Hello,
I am new to ocamllex lexer generators.
I am trying to capture raw string literal in C++ version 11 using ocamllex. [https://en.cppreference.com/w/cpp/language/string_literal]
I am using below regular expression to achieve this:
(['L' 'u' 'U']|""|"u8")? 'R' '"' ([^ '(' ')' '\\' ' ']*) '(' _* ')' ([^ '(' ')' '\\' ' ']*) '"'
But _* is something which is not good. I am not able to capture all the raw literal string from below c++ code.
#include <iostream>
using namespace std;
void testCpp11String1() {
cout << R"-DELIM-(I can write
a multi-line
string ()
")-DELIM-" << endl;
}
void testCpp11String2() {
cout << R"-DELIM-(I can put double quotes like this " " in the string as long as it is not terminated by )delimiter" where delimiter is -DELIM-)-DELIM-" << endl; // there is an odd number of double quotes in this line
}
int main() {
testCpp11String1();
testCpp11String2();
return 0;
}
Please give me some ideas.
Thank you in advance
I think your regular expression, among other things, will fail to make sure the end delimiter is the same as the first one.
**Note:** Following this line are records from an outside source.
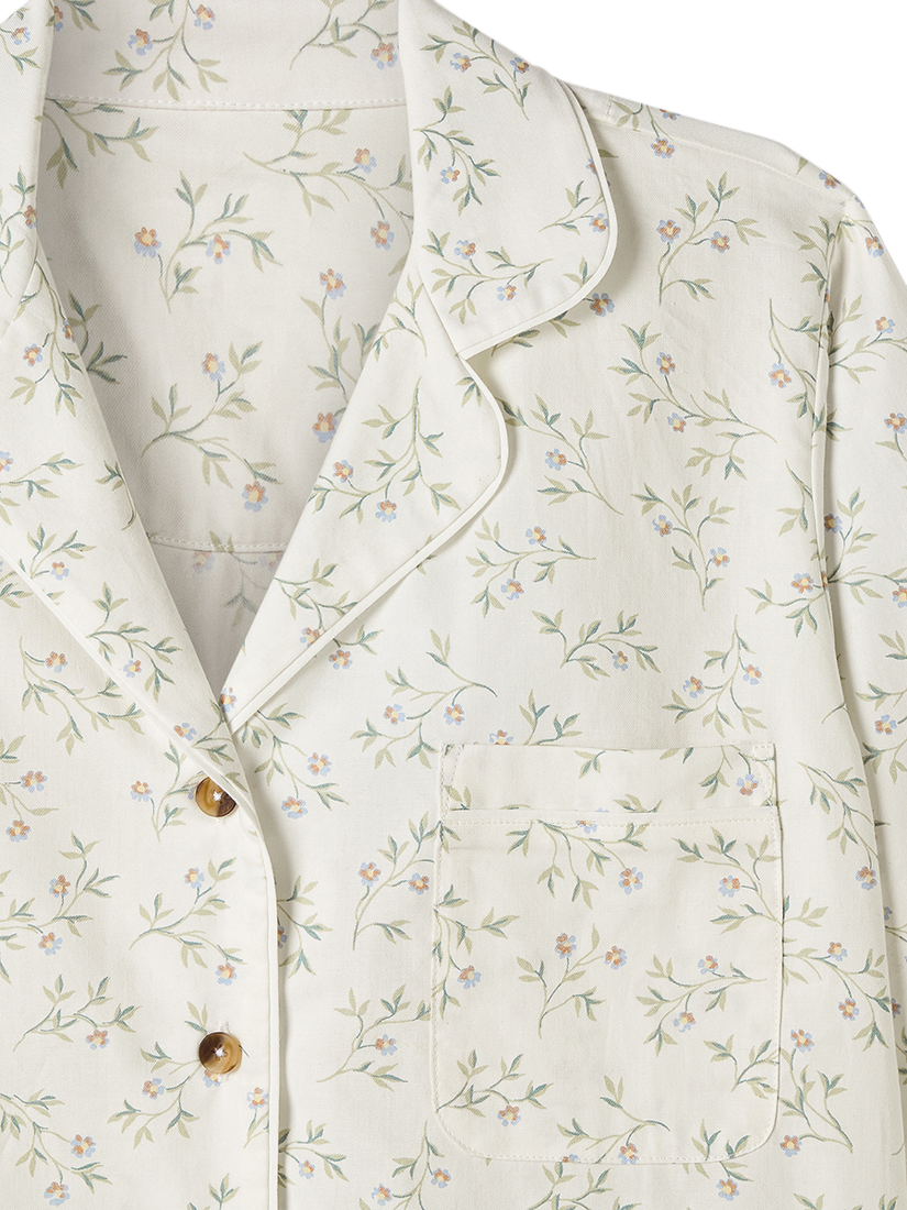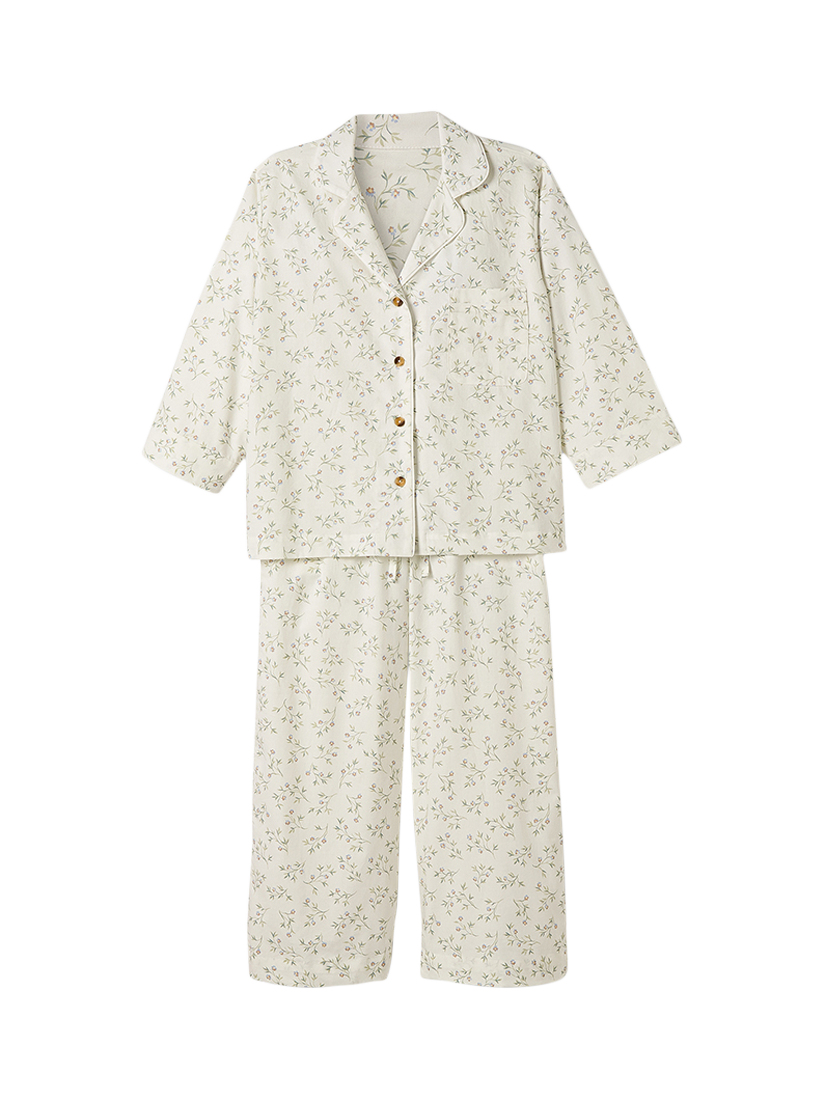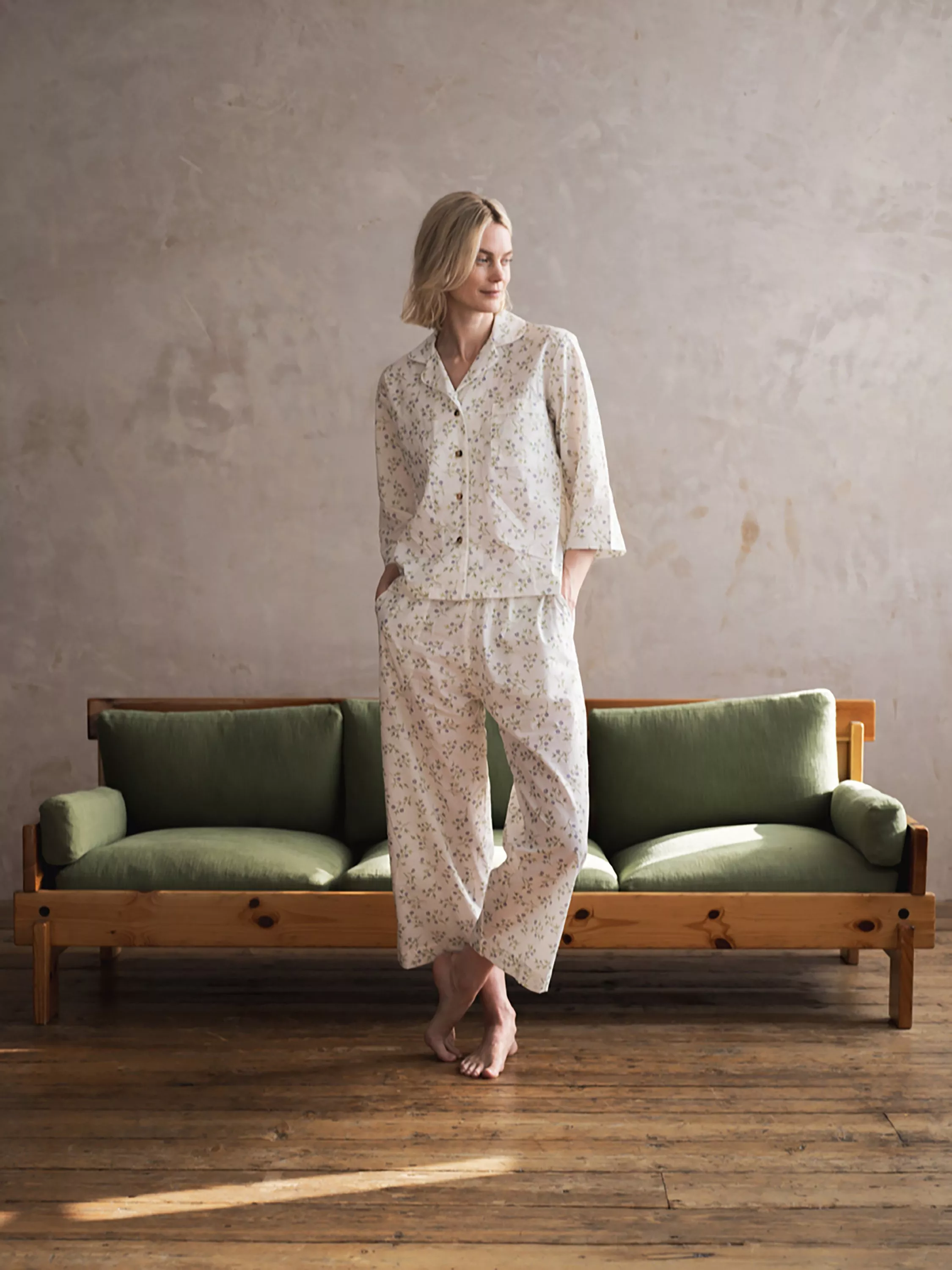 Featuring a ¾ sleeve shirt and cropped trousers, this Spring Sprig cotton pyjama set shows that sophisticated sleepwear isn't just for bedtime. Crafted from 100% prewashed cotton for extra softness and a lived-in feel, this is loungewear you'll want to stay in all day long.
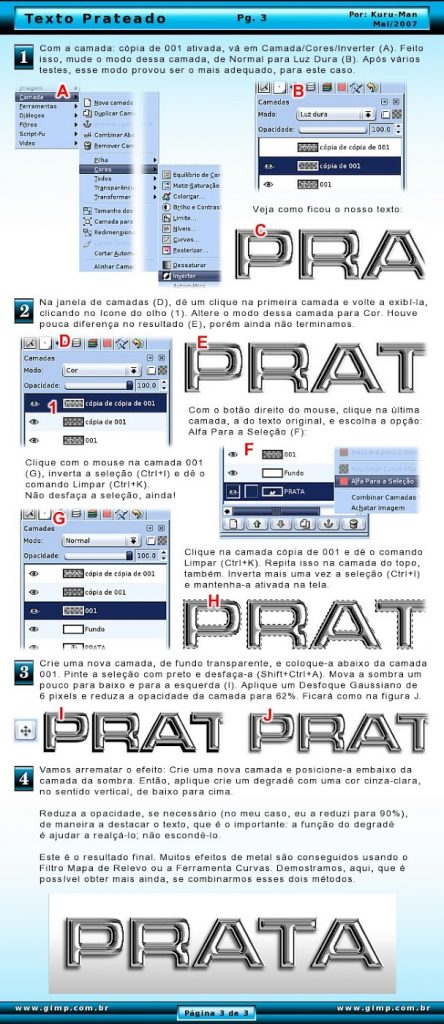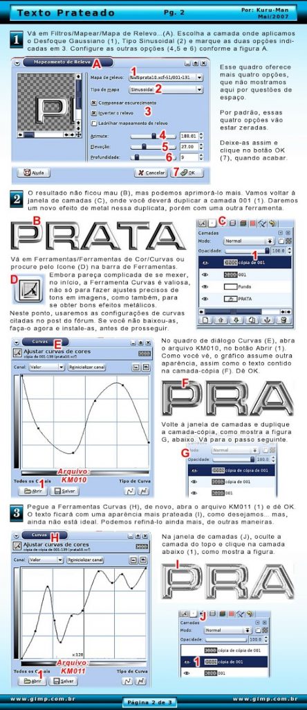 Para conseguir efeitos de metal, no Gimp, alguns usam o Filtro Mapa de Relevo; outros, a Ferramenta Curvas… porque não combinar esses dois métodos? É o que mostra este tutorial. Vejam o resultado ao lado:
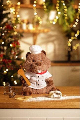 Wyprodukowany w 90% z poliestru pochodzącego z recyklingu plastikowych butelek Bóbr Julek wciela się w postać Szefa kuchni. Maskotka dostępna jest we wszystkich sklepach Auchan, można ją również kupić poprzez platformę zakupy.auchan.pl
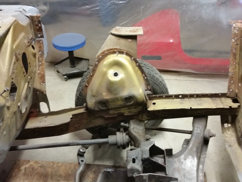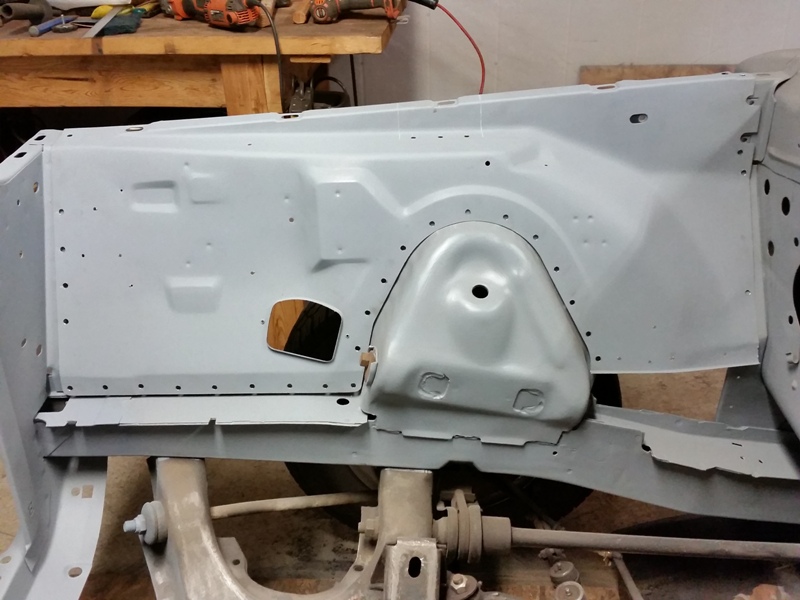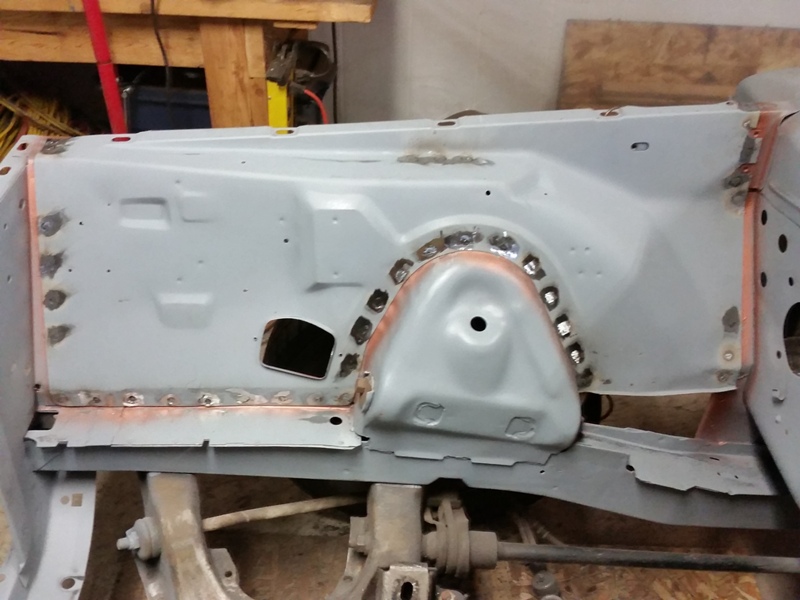 Here's the front side on a final fit check. Now to mark the holes for drilling.and to drill the holes for spot welding.And finally do the welding.Now I have to do some clean-up and give a final coat of primer.
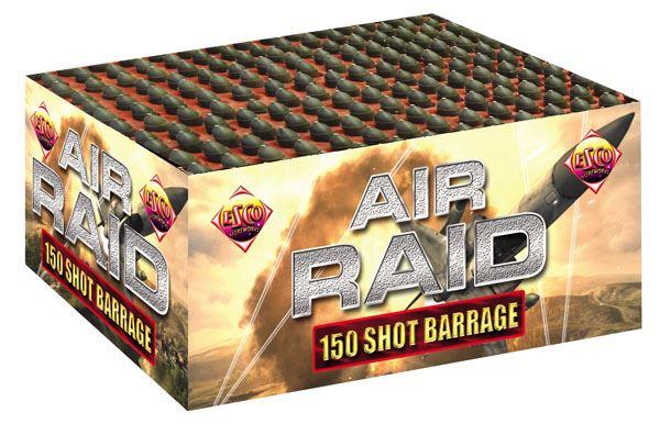 The Air Raid contains 150 rapid firing missiles with loud whistling and crackling.

This is something a regular expression (without things like back-references which I think ocamllex regexes don’t have) cannot capture.
The standard thing to do in ocamllex to handle things like string literals or comments is to define a separate entry point. It’s more powerful and readable than a regex, and it can handle what we want here. What I propose below is just a skeleton, you’ll want to tune it a lot to handle new lines and escapes etc etc.
let delimiter = (* a regex for valid delimiters here *)
rule token = parse
...
| "R\"" (delimiter as delim) '('
{ raw_literal delim (Buffer.create 32) lexbuf }
...
and raw_literal delim buf = parse
| [^')']*
{
Buffer.add_string buf (Lexing.lexeme lexbuf);
raw_literal delim buf lexbuf
}
| ')' (delimiter as delim2) '"'
{
if delim = delim2 then
RAW_LIT (Buffer.contents buf)
else begin
Buffer.add_string buf (Lexing.lexeme lexbuf);
raw_literal delim buf lexbuf
end
}
| ')'
{
Buffer.add_char buf ')';
raw_literal delim buf lexbuf
}
I need to use a buffer to keep track of what we’ve seen so far, since we want a single token at the end, maybe there is another way but I don’t know.
It sounds easier to me to handle the type prefixes in the parser, that way you can factorize with other kinds of strings, so I didn’t include them. Maybe I’m wrong.
Hope I helped. There’s a nice tuto about ocamllex here.
1 Like
Hello “threepwood”,
Thank you very much for your detailed reply. It is very much working!